CD38 inhibition would likely have unforeseen effects, as it is a highly complex molecule capable of numerous functions
Inhibition of CD38 may also result in a deleterious impact on immunological function. CD38/cADPR also signals oxytocin release, which regulates many social behaviors, and inhibiting this process may induce several forms of mental impairment... In addition, CD38 plays an important role in the immune system, and knockout of CD38 has been shown to increase susceptibility to bacterial infection.
For example, CD38 levels are elevated in some types of cancer, so eliminating CD38 might slow cancer progression. However, other types of cancer require NAD pools for the cancer to grow, and CD38 might be starving the cancer of NAD and thus slowing the cancer's growth:
Therapeutic strategies that target CD38 activity would likely be effective in solid tumors in addition to hematologic malignancies like multiple myeloma. The exception to this may exist for those tumor types which require increased NAD+ pools for metabolic needs like fatty acid and lipid synthesis, as described in prostate cancer.
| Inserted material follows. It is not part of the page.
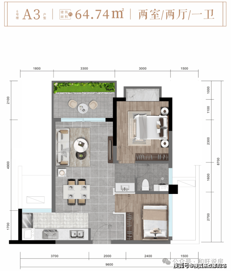 6#楼A3户型约64㎡精致两房两厅一卫

In sum, CD38 inhibition likely would provide some benefit, but also likely would involve some risks:
The therapeutic potential of these NAD analog inhibitors may be limited due to the inhibitory effect they may have in several other NAD dependent enzymes, which raises concerns about their specificity. Thus, these “non-specific” effects may limit their in vivo applicability.
Until we better understand the risks associated with inhibiting NAD-0consuming enzymes, it might be safer and more prudent to increase the supply of NAD by replenishing with NAD precursors rather than to reduce demand for NAD.